In the novel plot is replaced by a series of revelatory episodes, each helping Jane to come to realization of what she truly desires. Her contact with St John Rivers clarifies what she wants and does not want. Being the teacher at the village school, for all its deprivations, is “independent” (381) and “free and honest” (386) compared with being Rochester’s mistress, but Rivers’ self-denial is unattractive, ultimately because it is dishonest, a distortion of his true self from “the bent of nature” (387), and, at core, a subtle weapon to destroy her independence and swallow up her precious integrity. But, although his appeal has immense power over her, she knows enough now to resist. “I want to enjoy my own faculties as well as to cultivate those of other people” (415), and when happiness beckons “I feel I have adequate cause to be happy, and I will be happy” (417). She tells him that she scorns his idea of love, with its wretched self-abasement, and she knows now that “God did not give me my life to throw away” (439). When she finally devotes herself to Rochester it is anything but a sacrifice. “What do I sacrifice? Famine for food, expectation for content” (470).
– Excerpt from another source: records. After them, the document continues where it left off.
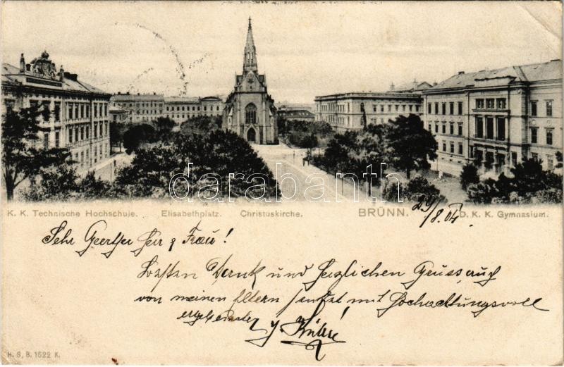 Beschreibung: 1904 Brno, Brünn; K.k. Technische Hochschule, Elisabethplatz, Christuskirche, Gymnasium / schools, church, square (EK)
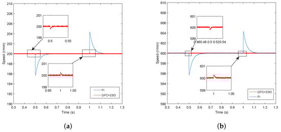 Simulation curves of speed response under the load disturbance. (a) n = 200 r/min; (b) n = 600 r/min.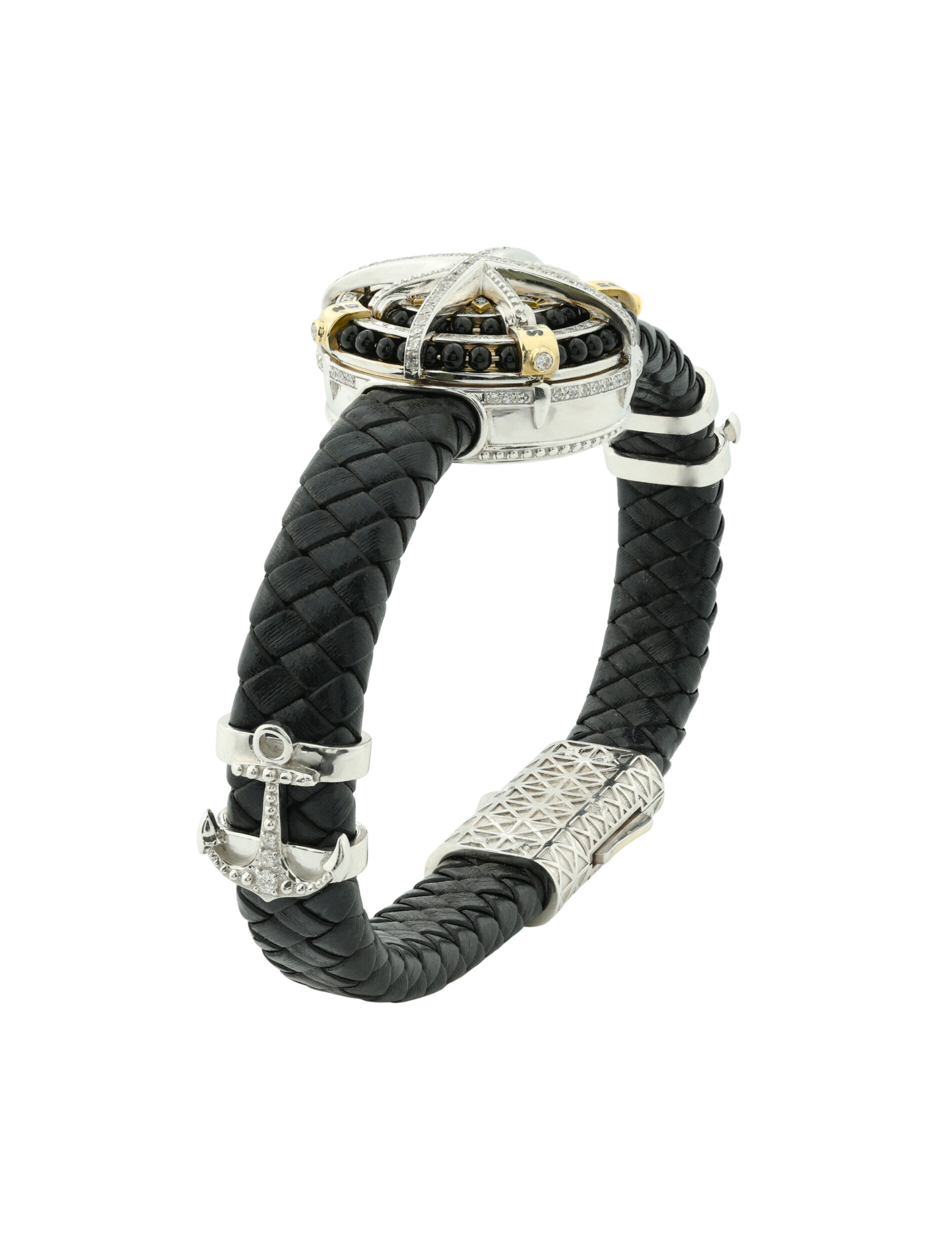 | Вставка: | Бриллиант, Оникс, Шнурок кожа, Эмаль |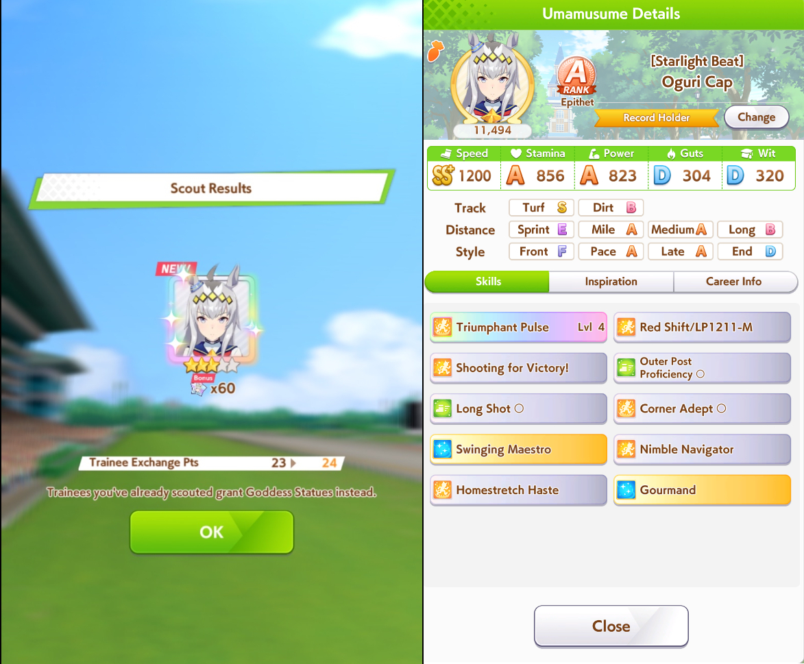 >>544367715I just had Bourbon lose Senior Japan Cup for the first time, despite having a million skills and S medium.After a whole career of>losing EVERY Mile and Long>losing 2 night owls, slacker, migraine>3 sleep deprived, 0 well rested>ONLY ONE SINGLE DOUBLE RAINBOW ON SPEED (with 4 speed cards)I think she just fucking hates me now
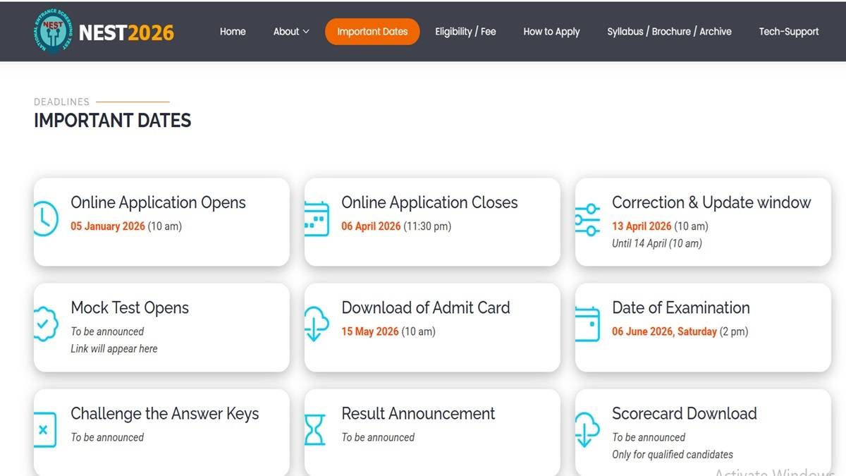 NEST 2026 Exam Registration: National Entrance Screening Test 2026 schedule has been officially released, giving aspirants clarity on registration timeline and exam date. As per notification available on official NEST website online application process will begin on January 5, 2026, at 10 AM.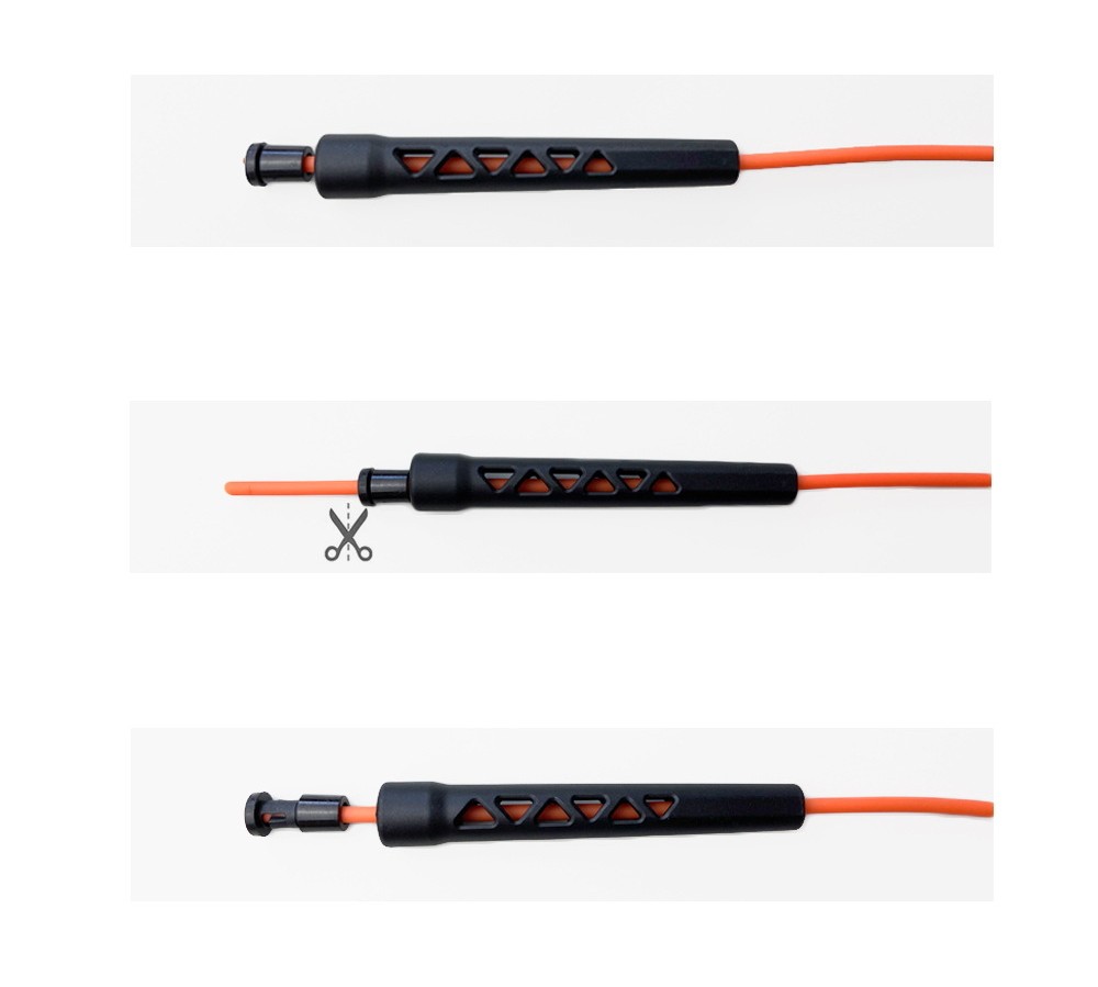 Black-handled orange rope The length of the rope between the handles is 28 meters. The length of the rope between the handles is 2.8 meters. The length of the rope between the handles is 2.8 meters. The length of the rope between the handles is 3.35 meters
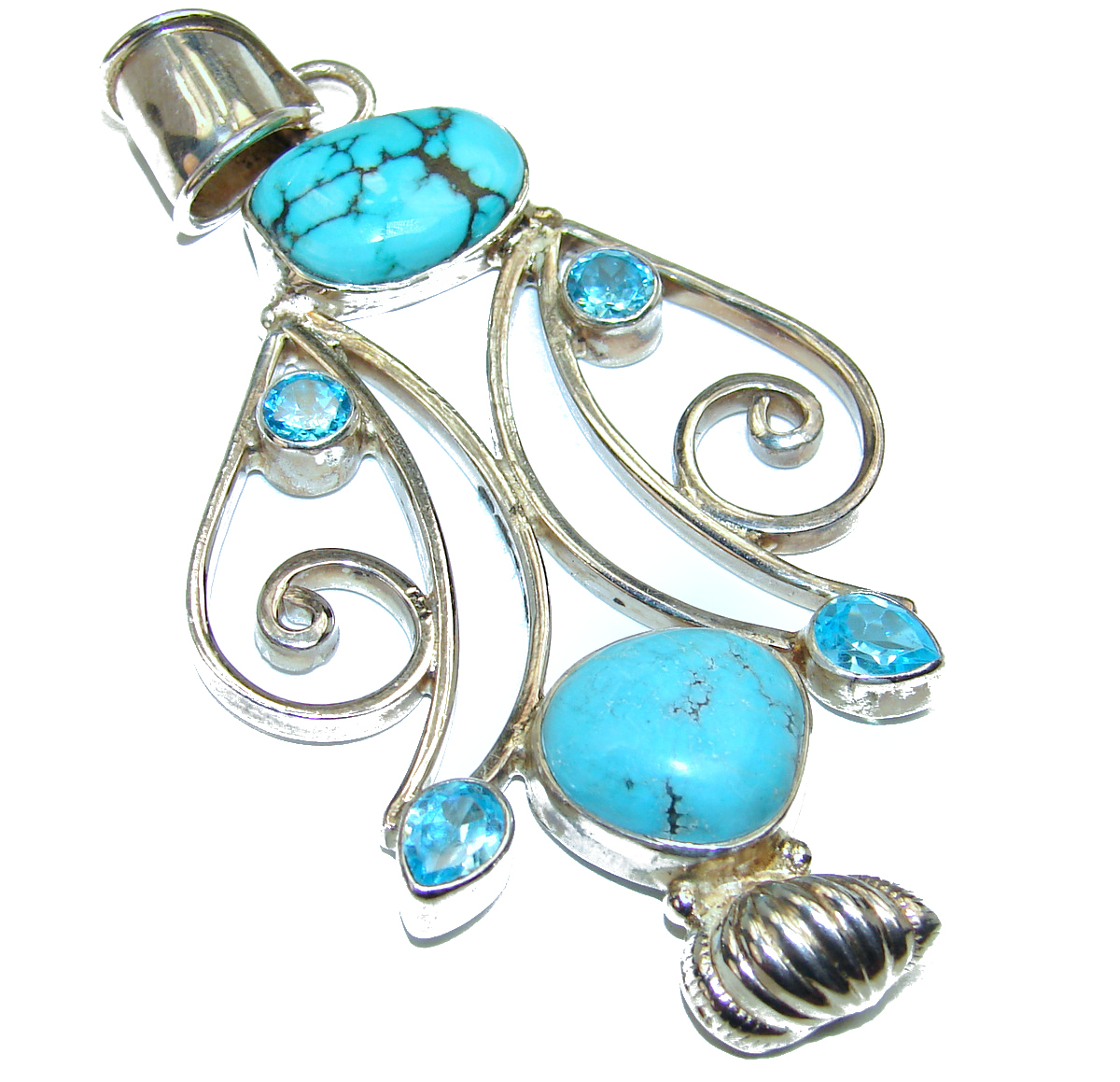 Exquisite Sleeping Beauty Turquoise .925 Sterling Silver handmade Pendant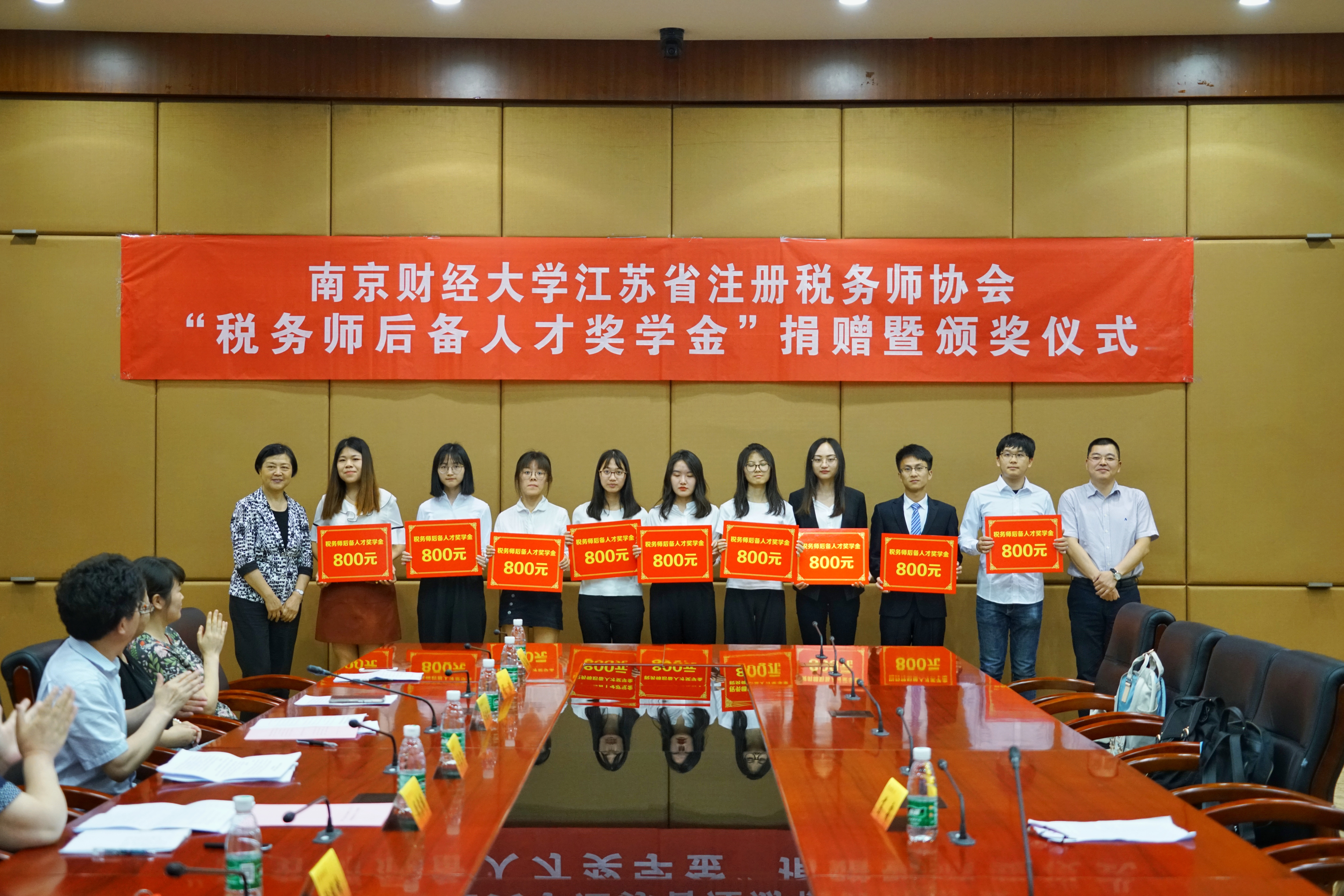 与江苏省注册税务师协会签订 “税务师后备人才奖学金”捐赠协议,并于工科楼会议室举行2018年度奖学金颁奖仪式。江苏省注册税务师协会会长周苏明,副会长于阜宁,办公室主任徐华敏,亚洲色情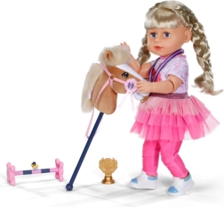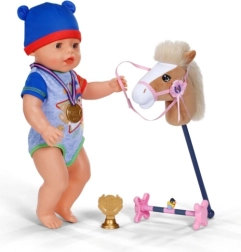 Il set BABY born per hobby horsing permette alle bambole di unirsi alla tendenza delle gare con il cavallino su bastone. La morbida testa in peluche è sicura e piacevole al tatto, perfetta per passeggiate quotidiane e discipline competitive. L’allenamento divertente è assicurato dalla simpatica paperella Berta, che dona al gioco un carattere giocoso.
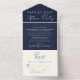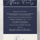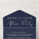 Elegant elopement or wedding announcement and post-wedding reception all in one invitation with light cream typography against dark navy blue background. "Happily Ever After Party" is written in a mix of simple typography and a modern script. A tear away RSVP postcard provides a convenient and eco-friendly and envelope-free response from your guests.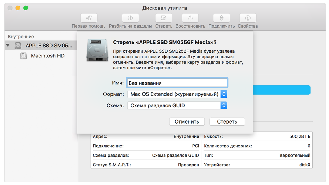 - Шаг 4: Укажите название (на Ваше усмотрение) и формат (следует выбрать Mac OS Extended);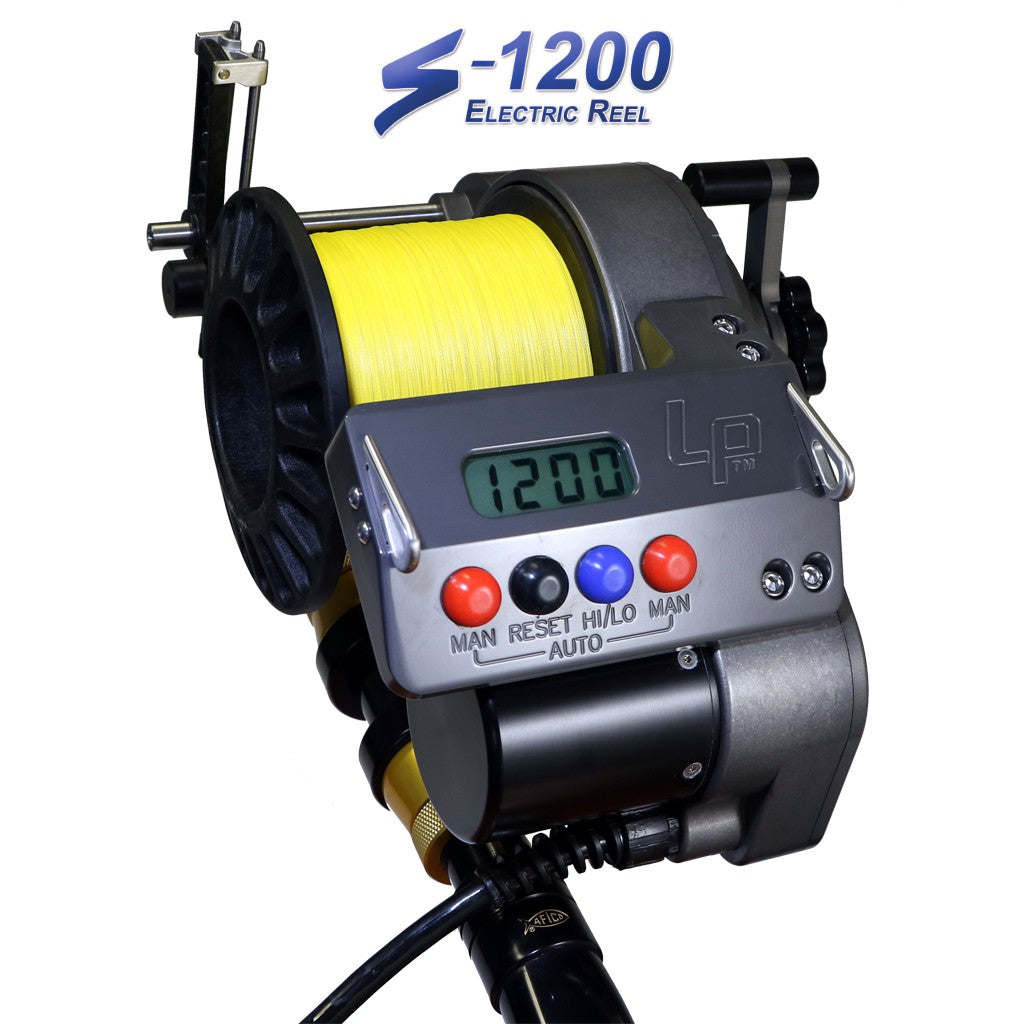 The LP S-1200 is a rugged high capacity electric fishing reel that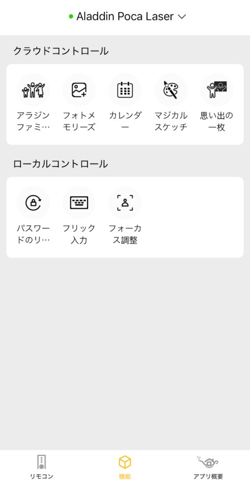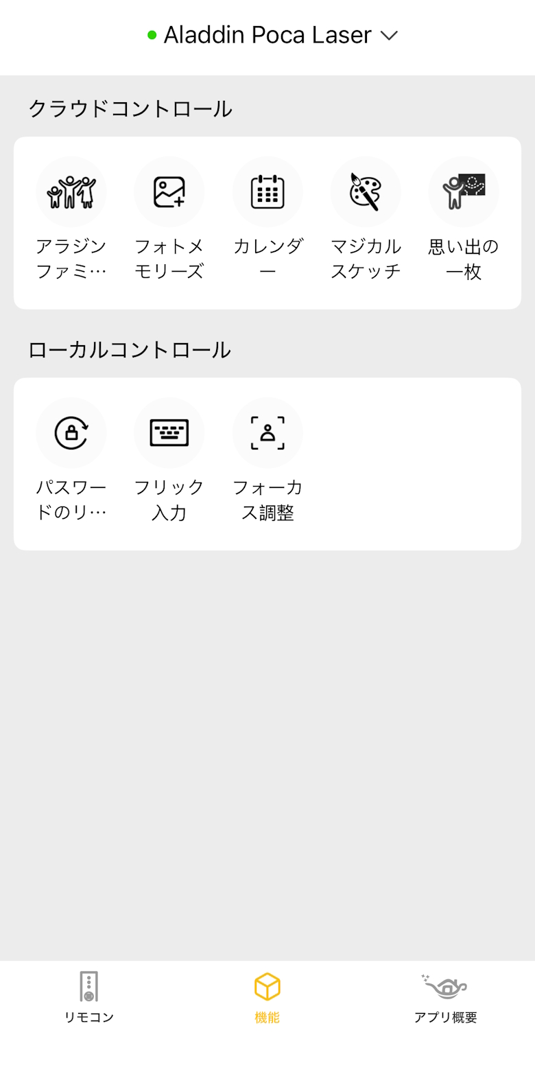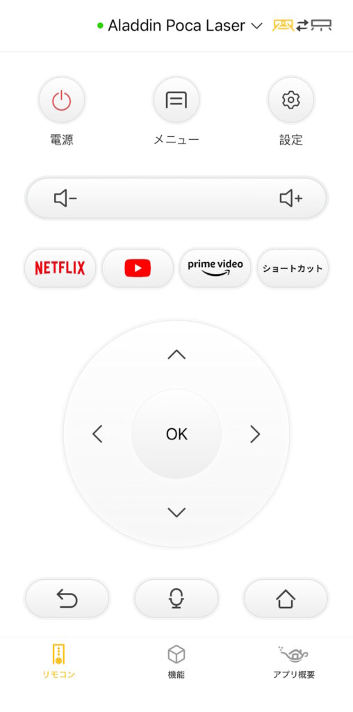 スマホアプリ「Aladdin X」では「Aladdin Poca Laser」に接続し、リモコンとして使うことができます。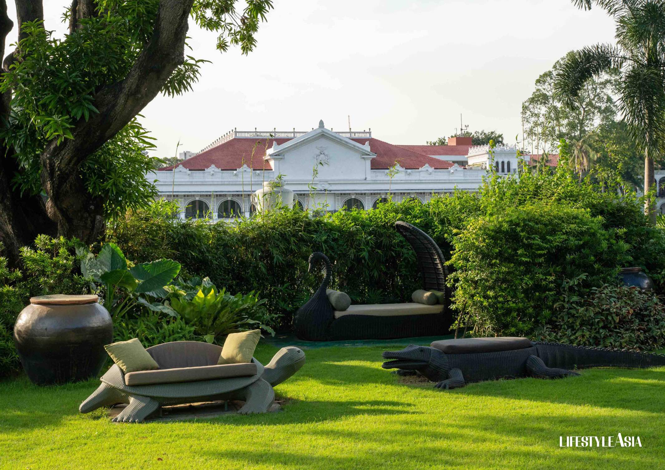 The serene garden at Bahay Pangulo features playful animal furnishings with a partial view of Malacañan Palace / Image by Gian Escamillas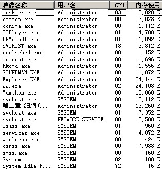 当前运行的进程: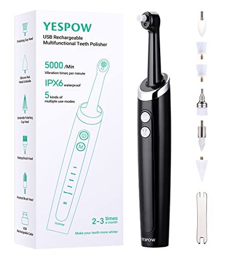 Electric Tooth Polisher - USB-Rechargeable Teeth Polishing Kit for Teeth Whitening, YESPOW IPX5 Waterproof Dental Polisher for Tartar Stain Removal, Teeth Polisher with 5 Heads for Plaque Removal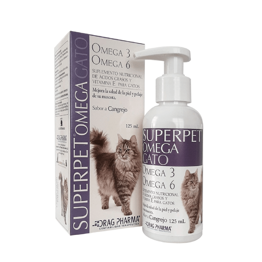 Mejora la salud y belleza del pelaje de tu gato con Superpet Omega 125 ml. Compra en Petvet.cl

The circumstances of nineteenth-century women, in a world where the opportunities open to men were almost all closed to them, make Jane Eyre a radical and courageous document, though Jane’s concern to maintain the integrity of the self is a central human issue rather than simply a feminist complaint. In Mary Shelley’s case it can hardly be argued that she is aware of or troubled by the restricted role of women in her novel. Despite her own mother’s views, it was difficult for her to escape from history, and from the deepest assumptions of her time. Indeed, if there is a feminist element in the book it is in the condemnation of – characteristically male – intellectual daring, and the dangers that result from the desire to go beyond the limits, which inspires Frankenstein to make his monster, and Walton to explore the Arctic. “The primary pattern underlying feminist writing is that of Frankenstein, a world in which cerebral man and monster are one” (Gordon, 428).
Works Cited
Brontë, C. Jane Eyre. Introduction by Q.D.Leavis. Harmondsworth: Penguin, 1966.
Gordon, L. Mary Wollstonecraft. London: Little, Brown, 2005.
Peters, M. Charlotte Brontë. Madison and London: Univ of Wisconsin, 1973.
Robinson, Charles. “A mother’s Daughter: An Intersection of Mary Shelley’s
Frankenstein and Mary Wollstonecraft’s A Vindication of the Rights of Woman.”
In Buss, Helen M., Macdonald, D.L. and McWhir, Anne. Mary Wollstonecraft and
Mary Shelley. Writing Lives. Waterloo, Ontario: Wilfrid Laurier U.P., 2001,
pp.127-138.
Shelley, M. Frankenstein. 1818 edition. Edited M.Hindle. Harmondsworth: Penguin, 1992.